Production & Growth (Block 2) Flashcards
Final (Chapter 12)
Standard of living varies across countries due to productivity differences across countries
The standard of living refers to the level of wealth, comfort, material goods, and necessities available to a certain socioeconomic class or geographical area.
Explanation
Productivity differences, which can be attributed to factors like technology, education, infrastructure, and institutions, lead to variations in the standard of living between countries.
Y/L is the key determinant of productivity which depends on physical capital per worker, human capital per worker, and so on
Y/L (output per worker) represents productivity, which is influenced by factors such as physical capital (machinery, equipment), human capital (education, skills), and technological advancements.
Relation between productivity, real GDP per capita, standard of living, economic policies
Higher productivity leads to higher real GDP per capita and, consequently, an improved standard of living.
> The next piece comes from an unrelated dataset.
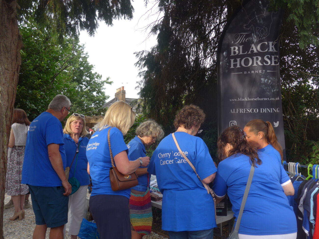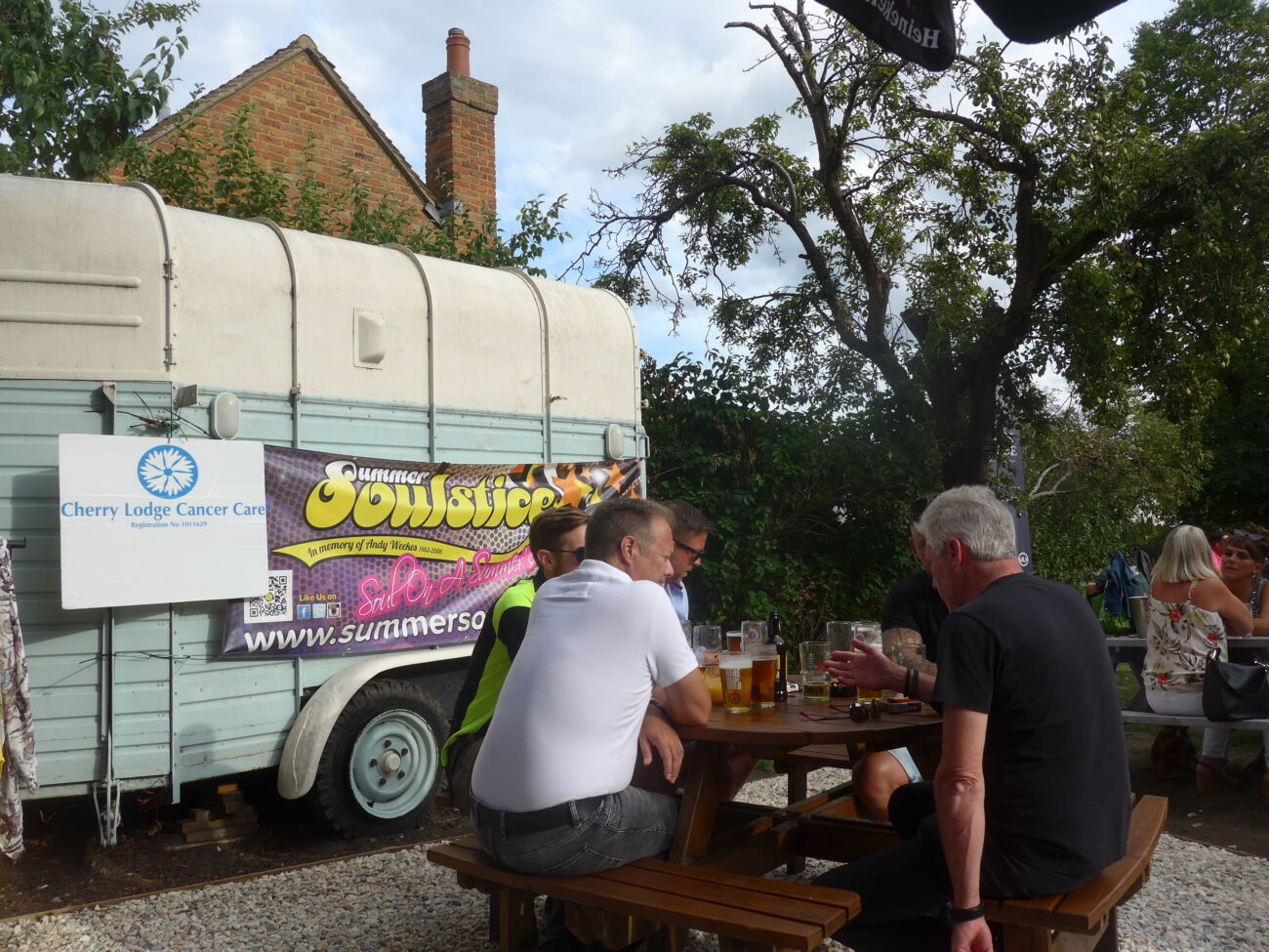 As is customary, the Soulstice crew organised a Big Payback Event at the Black Horse pub on August Bank Holiday Sunday (28th August). Supporters of Summer Soulstice and Cherry Lodge Cancer Care joined Soulstice crew members and Cherry Lodge volunteers (all smartly clad in blue CL t-shirts) for an afternoon and evening of joyful music and companionship.

Economic policies that promote investments in physical and human capital, innovation, and efficiency can enhance productivity.
Calculating productivity, real GDP per person, growth rate of real GDP per person
- Productivity: Output per worker (Y/L).
- Real GDP per person: Real GDP divided by the population.
- Growth rate of real GDP per person: Percentage change in real GDP per person over time.
Economic policies to enhance productivity
Examples: Policies promoting education and skill development, infrastructure investment, technological innovation, research and development funding.